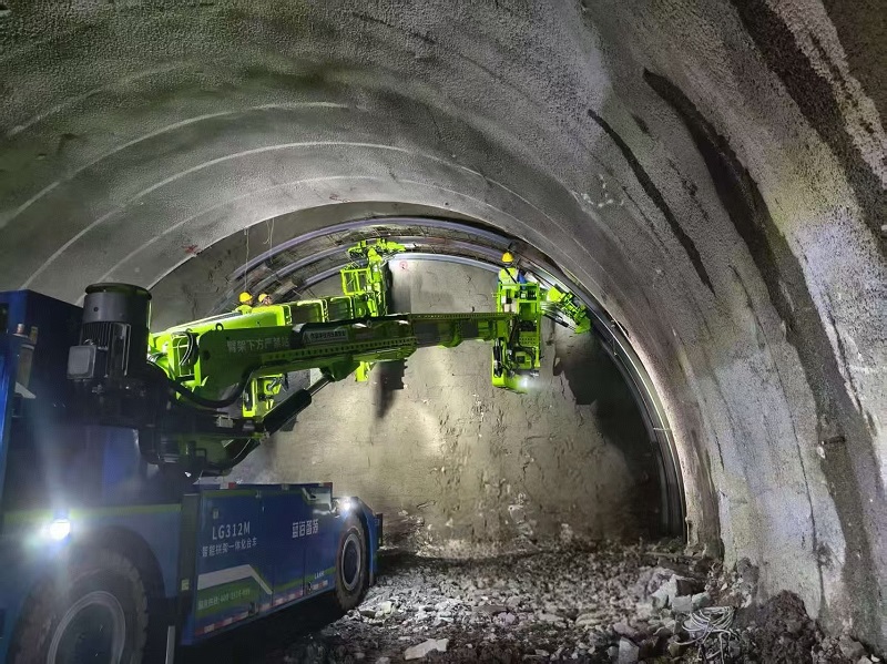 建设过程中,中交路建项目团队引进智能拱架安装台车,构建“精准定位+高效支护”的施工新模式,彻底破解传统工艺痛点,实现三榀拱架安装时间从1小时40分钟缩短至50分钟,且较人工立架8人减少至4人,降低劳动强度,安全系数大幅提升,实现“安全性能优、支护效率高”的良性循环,工序衔接时间缩短50%,月进尺提升30%。
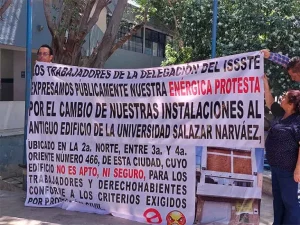 Trabajadores se manifestaron ayer en contra de un traslado de oficinas que atenta contra sus derechos, pues pretenden llevarlos a un lugar que está en peores condiciones Marco Alvarado /
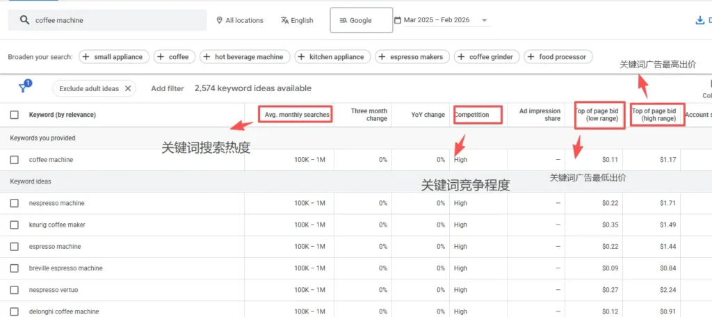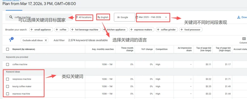 • 包含/不包含关键字:强制包含核心词(如“coffee”),排除无关词(如“免费”)。
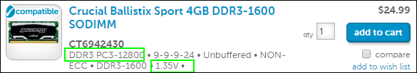 Khi mua RAM, hãy tìm hiểu xem đó là loại DDR2, DDR3 hoặc DDR4, cùng với điện áp và tốc độ của nó. Hầu hết các máy tính xách tay thời đại gần đây đều sử dụng RAM DDR3 có tốc độ PC3-12800 và 1,5 hoặc 1,35 volt. Nhìn qua các danh sách RAM, bạn cũng có thể thấy các thông số kỹ thuật cho biết đó là ECC hay không ECC và được đệm hay không có bộ đệm. Ngoại trừ một vài máy trạm cao cấp, hầu hết các máy tính xách tay đều sử dụng bộ nhớ không ECC, bộ nhớ đệm.
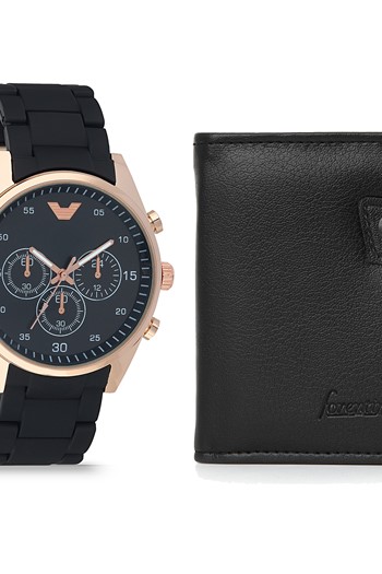 Forentina Siyah Silikon Kol Saati - Siyah Cüzdan Set PS1881

--

- What the task asks: One exact copy of the data is required, and it should hold no pictures.

- Answer:
 建设过程中,中交路建项目团队引进智能拱架安装台车,构建“精准定位+高效支护”的施工新模式,彻底破解传统工艺痛点,实现三榀拱架安装时间从1小时40分钟缩短至50分钟,且较人工立架8人减少至4人,降低劳动强度,安全系数大幅提升,实现“安全性能优、支护效率高”的良性循环,工序衔接时间缩短50%,月进尺提升30%。
 Trabajadores se manifestaron ayer en contra de un traslado de oficinas que atenta contra sus derechos, pues pretenden llevarlos a un lugar que está en peores condiciones Marco Alvarado /
 • 包含/不包含关键字:强制包含核心词(如“coffee”),排除无关词(如“免费”)。
 Khi mua RAM, hãy tìm hiểu xem đó là loại DDR2, DDR3 hoặc DDR4, cùng với điện áp và tốc độ của nó. Hầu hết các máy tính xách tay thời đại gần đây đều sử dụng RAM DDR3 có tốc độ PC3-12800 và 1,5 hoặc 1,35 volt. Nhìn qua các danh sách RAM, bạn cũng có thể thấy các thông số kỹ thuật cho biết đó là ECC hay không ECC và được đệm hay không có bộ đệm. Ngoại trừ một vài máy trạm cao cấp, hầu hết các máy tính xách tay đều sử dụng bộ nhớ không ECC, bộ nhớ đệm.
 Forentina Siyah Silikon Kol Saati - Siyah Cüzdan Set PS1881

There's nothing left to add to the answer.